* Problem to work on *
You are asked to copy the entire listing exactly, apart from its pictures.

* Data segment *
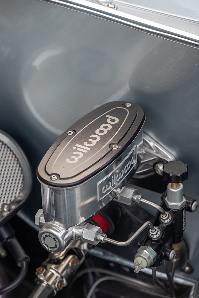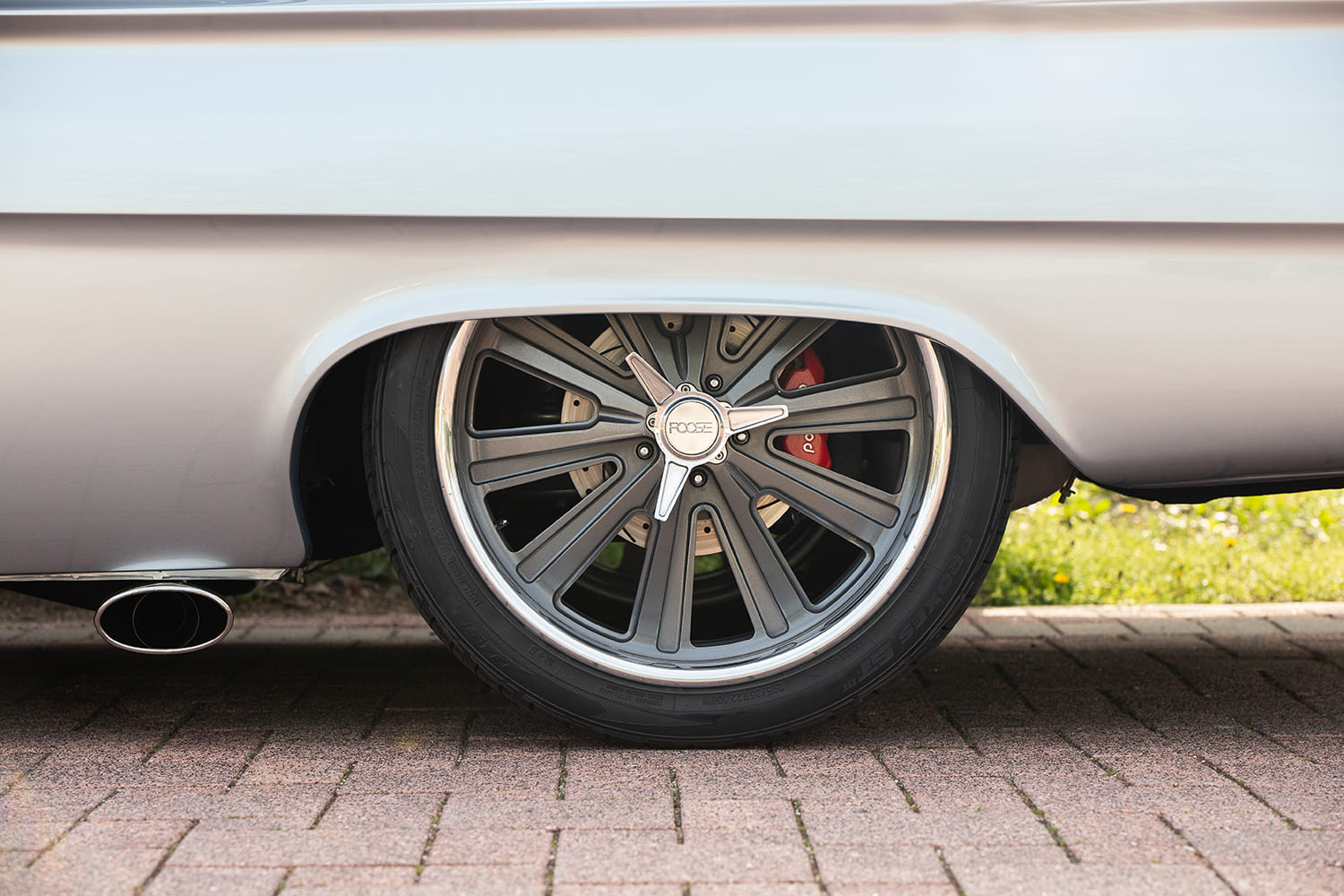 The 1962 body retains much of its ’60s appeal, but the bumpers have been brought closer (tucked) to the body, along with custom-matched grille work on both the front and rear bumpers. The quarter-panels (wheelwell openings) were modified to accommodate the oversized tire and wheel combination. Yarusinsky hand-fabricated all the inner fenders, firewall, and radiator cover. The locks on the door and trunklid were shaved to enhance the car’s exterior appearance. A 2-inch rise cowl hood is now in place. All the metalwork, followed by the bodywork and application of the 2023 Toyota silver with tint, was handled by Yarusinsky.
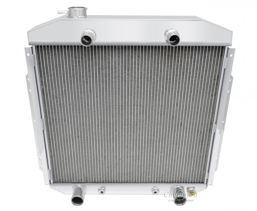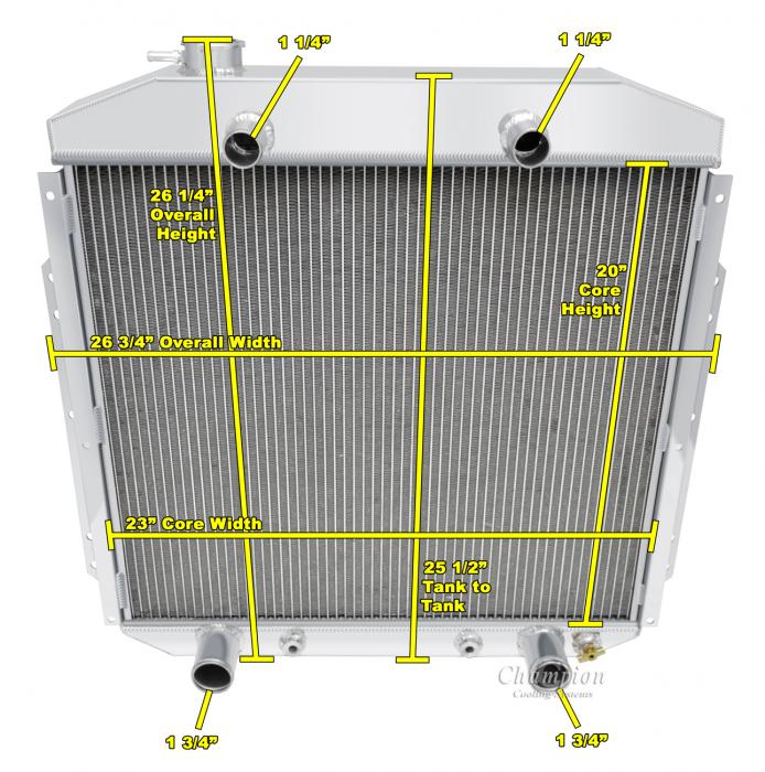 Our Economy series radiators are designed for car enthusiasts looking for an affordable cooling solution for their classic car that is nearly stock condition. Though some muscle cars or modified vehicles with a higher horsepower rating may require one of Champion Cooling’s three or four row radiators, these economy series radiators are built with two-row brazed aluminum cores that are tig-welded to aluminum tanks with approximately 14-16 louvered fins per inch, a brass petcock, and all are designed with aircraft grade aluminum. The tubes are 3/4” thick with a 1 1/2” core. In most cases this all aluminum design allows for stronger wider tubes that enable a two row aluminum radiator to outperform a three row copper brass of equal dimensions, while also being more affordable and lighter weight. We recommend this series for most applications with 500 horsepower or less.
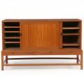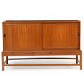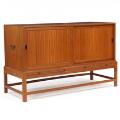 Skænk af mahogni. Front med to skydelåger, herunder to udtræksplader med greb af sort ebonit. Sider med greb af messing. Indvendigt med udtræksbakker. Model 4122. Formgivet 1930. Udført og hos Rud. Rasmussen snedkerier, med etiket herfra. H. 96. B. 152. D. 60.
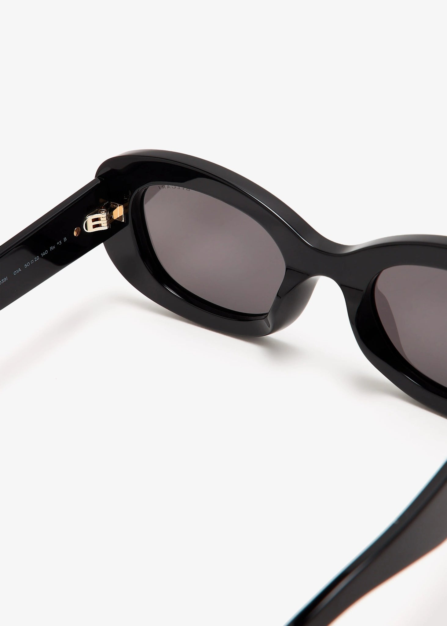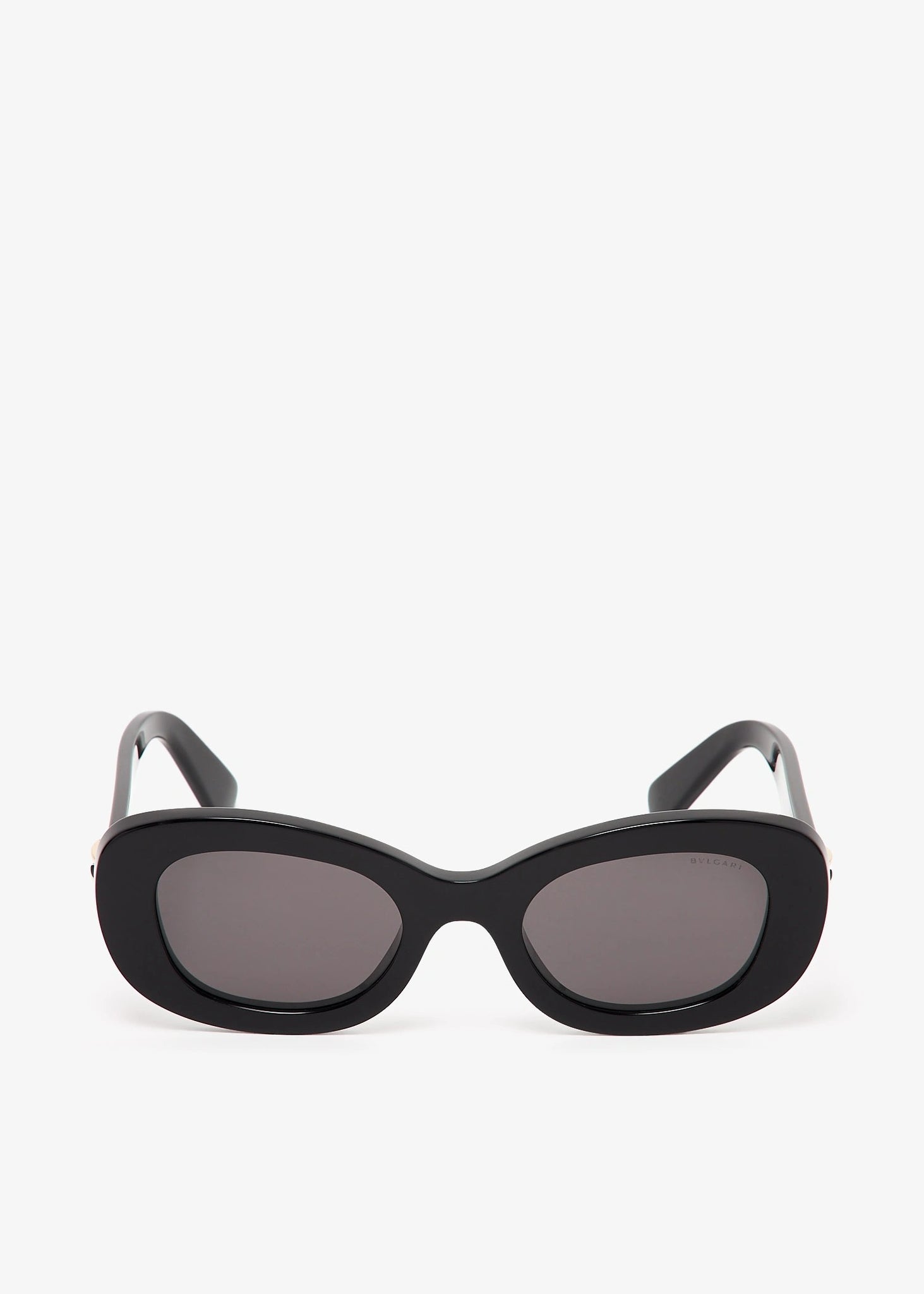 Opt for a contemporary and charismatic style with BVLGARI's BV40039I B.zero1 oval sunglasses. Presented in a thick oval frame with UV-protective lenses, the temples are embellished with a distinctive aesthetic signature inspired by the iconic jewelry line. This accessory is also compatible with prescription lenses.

* Output of the exercise *
 The 1962 body retains much of its ’60s appeal, but the bumpers have been brought closer (tucked) to the body, along with custom-matched grille work on both the front and rear bumpers. The quarter-panels (wheelwell openings) were modified to accommodate the oversized tire and wheel combination. Yarusinsky hand-fabricated all the inner fenders, firewall, and radiator cover. The locks on the door and trunklid were shaved to enhance the car’s exterior appearance. A 2-inch rise cowl hood is now in place. All the metalwork, followed by the bodywork and application of the 2023 Toyota silver with tint, was handled by Yarusinsky.
 Our Economy series radiators are designed for car enthusiasts looking for an affordable cooling solution for their classic car that is nearly stock condition. Though some muscle cars or modified vehicles with a higher horsepower rating may require one of Champion Cooling’s three or four row radiators, these economy series radiators are built with two-row brazed aluminum cores that are tig-welded to aluminum tanks with approximately 14-16 louvered fins per inch, a brass petcock, and all are designed with aircraft grade aluminum. The tubes are 3/4” thick with a 1 1/2” core. In most cases this all aluminum design allows for stronger wider tubes that enable a two row aluminum radiator to outperform a three row copper brass of equal dimensions, while also being more affordable and lighter weight. We recommend this series for most applications with 500 horsepower or less.
 Skænk af mahogni. Front med to skydelåger, herunder to udtræksplader med greb af sort ebonit. Sider med greb af messing. Indvendigt med udtræksbakker. Model 4122. Formgivet 1930. Udført og hos Rud. Rasmussen snedkerier, med etiket herfra. H. 96. B. 152. D. 60.
 Opt for a contemporary and charismatic style with BVLGARI's BV40039I B.zero1 oval sunglasses. Presented in a thick oval frame with UV-protective lenses, the temples are embellished with a distinctive aesthetic signature inspired by the iconic jewelry line. This accessory is also compatible with prescription lenses.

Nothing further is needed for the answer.